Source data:
● ● ● ●

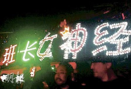 李亚鹏与“六年一班”成员化身粉丝,在演唱会场内高举“班长神经病”灯牌
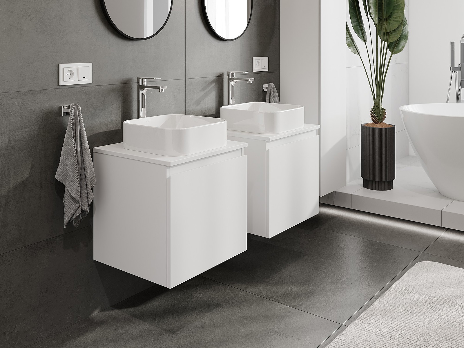 Mūsų moduliniai vonios baldai gali būti derinami tarpusavyje įvairiomis spalvų konfigūracijomis, leidžiant visiškai pritaikyti pagal asmeninius poreikius. Galima pasirinkti tiek atskirų elementų išvaizdą, tiek funkcijas, kas leidžia baldus pritaikyti pagal savo stiliaus ir naudojimo preferencijas.
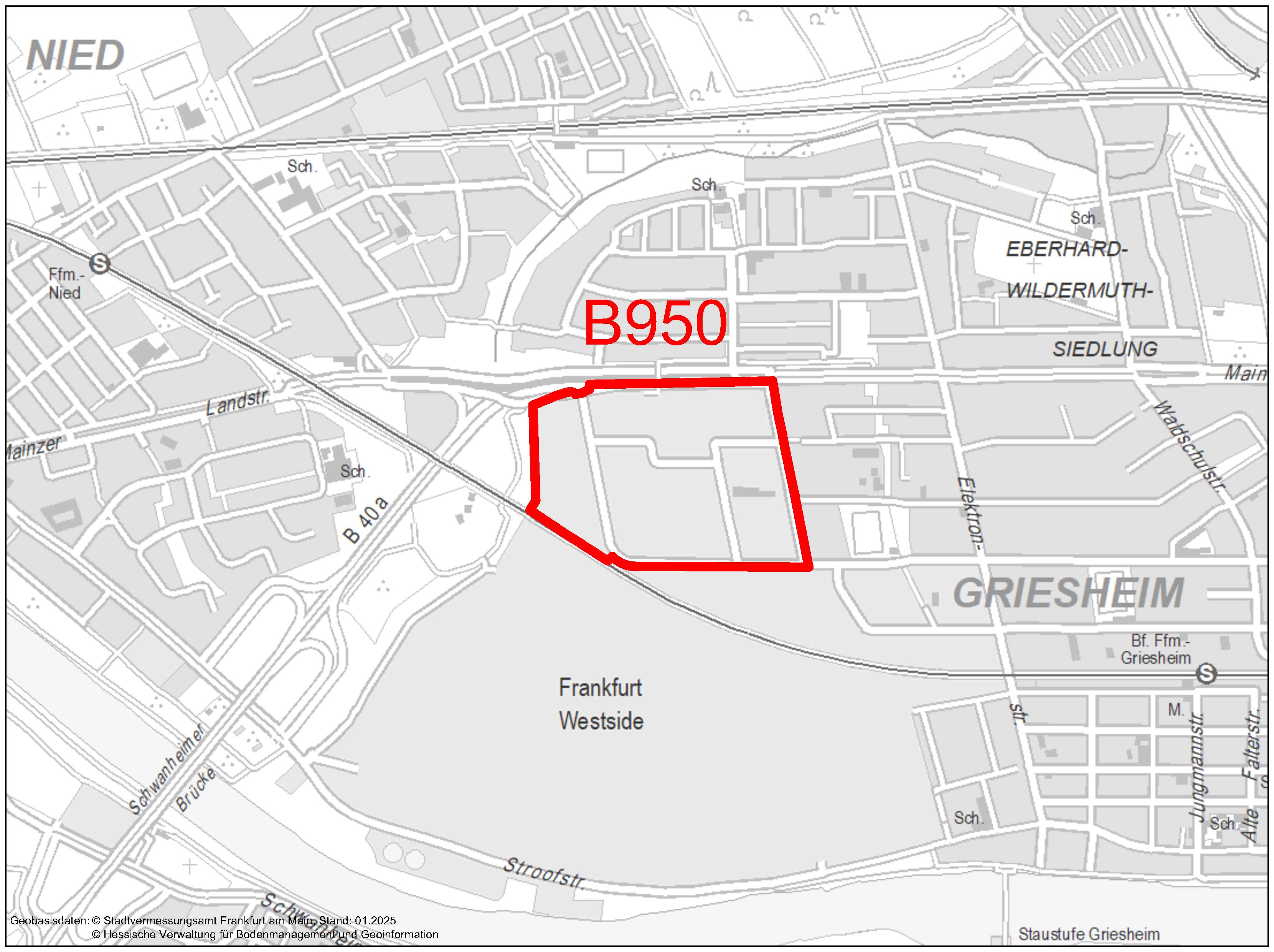 Die Beschlussfassung über die Aufstellung des Bebauungsplanes Nr. 950 - Südlich Mainzer Landstraße / Westlich In der Schildwacht - wurde am 17.02.2026 im Amtsblatt Nr. 8 der Stadt Frankfurt am Main bekannt gemacht.
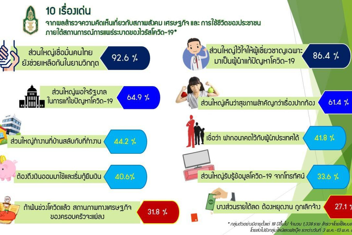 วันที่ 15 พ.ค.63 สำนักวิจัยและพัฒนา สถาบันพระปกเกล้า เปิดเผยโพลล์การสำรวจความคิดเห็นในหัวข้อเกี่ยวกับสภาพสังคม เศรษฐกิจและการใช้ชีวิตของประชาชนภายใต้สถานการณ์การแพร่ระบาดของไวรัสโควิด-19 ผ่านช่องทางการสื่อสารออนไลน์ โดยเก็บผลการสารวจ ระหว่างวันที่ 3 ถึง 13 พ.ค.63 สรุปจานวนผู้ตอบทั้งสิ้น 1,338 คน จาแนกเป็นเพศชาย ร้อยละ 41.9 เพศหญิง ร้อยละ 57.1 ที่เหลือเป็นกลุ่มเพศทางเลือก เมื่อจาแนกตามอายุ พบว่าเป็นกลุ่มผู้มีอายุ 46-60 ปี ร้อยละ 44.5 อายุ 26-45 ปี ร้อยละ 37.8 อายุ 60 ปีขึ้นไป ร้อยละ 13.6 และกลุ่มอายุ 18-25 ปี ร้อยละ 4.1 ผลการสำรวจพบว่า
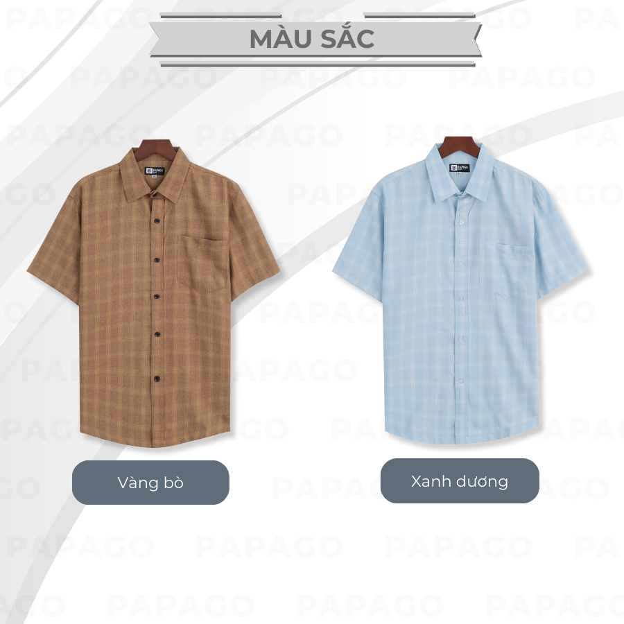 Áo sơ mi nam trung niên PAPAGO tay ngắn lai ngang sọc caro vải xô đũi - P23SNCR002
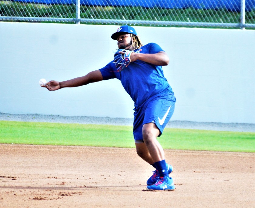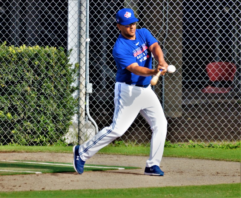 Third base coach Luis Rivera hits grounders to first baseman Rowdy Tellez and third baseman Vladimir Guerrero Jr. Tuesday in Dunedin.
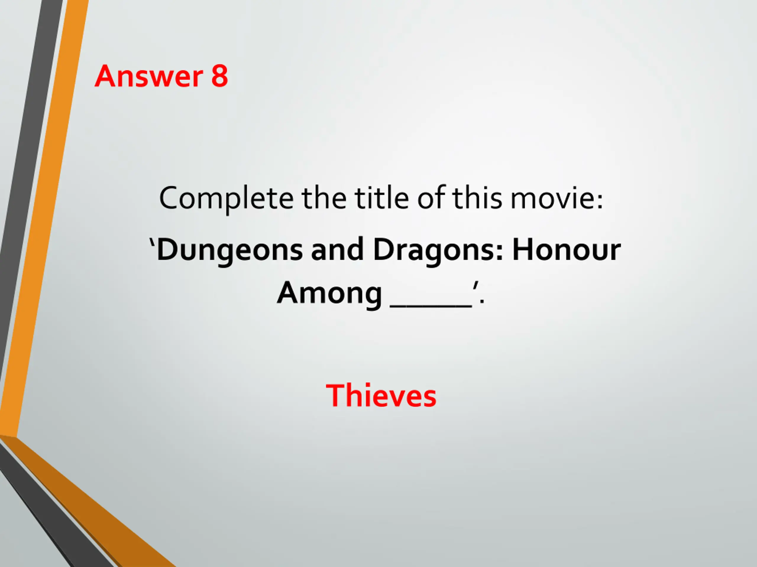 Answer 8 Complete the title of this movie: Dungeons and Dragons: Honour Among _____ . Thieves

● ● ● ●

WORK INSTRUCTIONS
Leave out every picture and copy the rest of the records exactly.

EXERCISE RESULT
 李亚鹏与“六年一班”成员化身粉丝,在演唱会场内高举“班长神经病”灯牌
 Mūsų moduliniai vonios baldai gali būti derinami tarpusavyje įvairiomis spalvų konfigūracijomis, leidžiant visiškai pritaikyti pagal asmeninius poreikius. Galima pasirinkti tiek atskirų elementų išvaizdą, tiek funkcijas, kas leidžia baldus pritaikyti pagal savo stiliaus ir naudojimo preferencijas.
 Die Beschlussfassung über die Aufstellung des Bebauungsplanes Nr. 950 - Südlich Mainzer Landstraße / Westlich In der Schildwacht - wurde am 17.02.2026 im Amtsblatt Nr. 8 der Stadt Frankfurt am Main bekannt gemacht.
 วันที่ 15 พ.ค.63 สำนักวิจัยและพัฒนา สถาบันพระปกเกล้า เปิดเผยโพลล์การสำรวจความคิดเห็นในหัวข้อเกี่ยวกับสภาพสังคม เศรษฐกิจและการใช้ชีวิตของประชาชนภายใต้สถานการณ์การแพร่ระบาดของไวรัสโควิด-19 ผ่านช่องทางการสื่อสารออนไลน์ โดยเก็บผลการสารวจ ระหว่างวันที่ 3 ถึง 13 พ.ค.63 สรุปจานวนผู้ตอบทั้งสิ้น 1,338 คน จาแนกเป็นเพศชาย ร้อยละ 41.9 เพศหญิง ร้อยละ 57.1 ที่เหลือเป็นกลุ่มเพศทางเลือก เมื่อจาแนกตามอายุ พบว่าเป็นกลุ่มผู้มีอายุ 46-60 ปี ร้อยละ 44.5 อายุ 26-45 ปี ร้อยละ 37.8 อายุ 60 ปีขึ้นไป ร้อยละ 13.6 และกลุ่มอายุ 18-25 ปี ร้อยละ 4.1 ผลการสำรวจพบว่า
 Áo sơ mi nam trung niên PAPAGO tay ngắn lai ngang sọc caro vải xô đũi - P23SNCR002
 Third base coach Luis Rivera hits grounders to first baseman Rowdy Tellez and third baseman Vladimir Guerrero Jr. Tuesday in Dunedin.
 Answer 8 Complete the title of this movie: Dungeons and Dragons: Honour Among _____ . Thieves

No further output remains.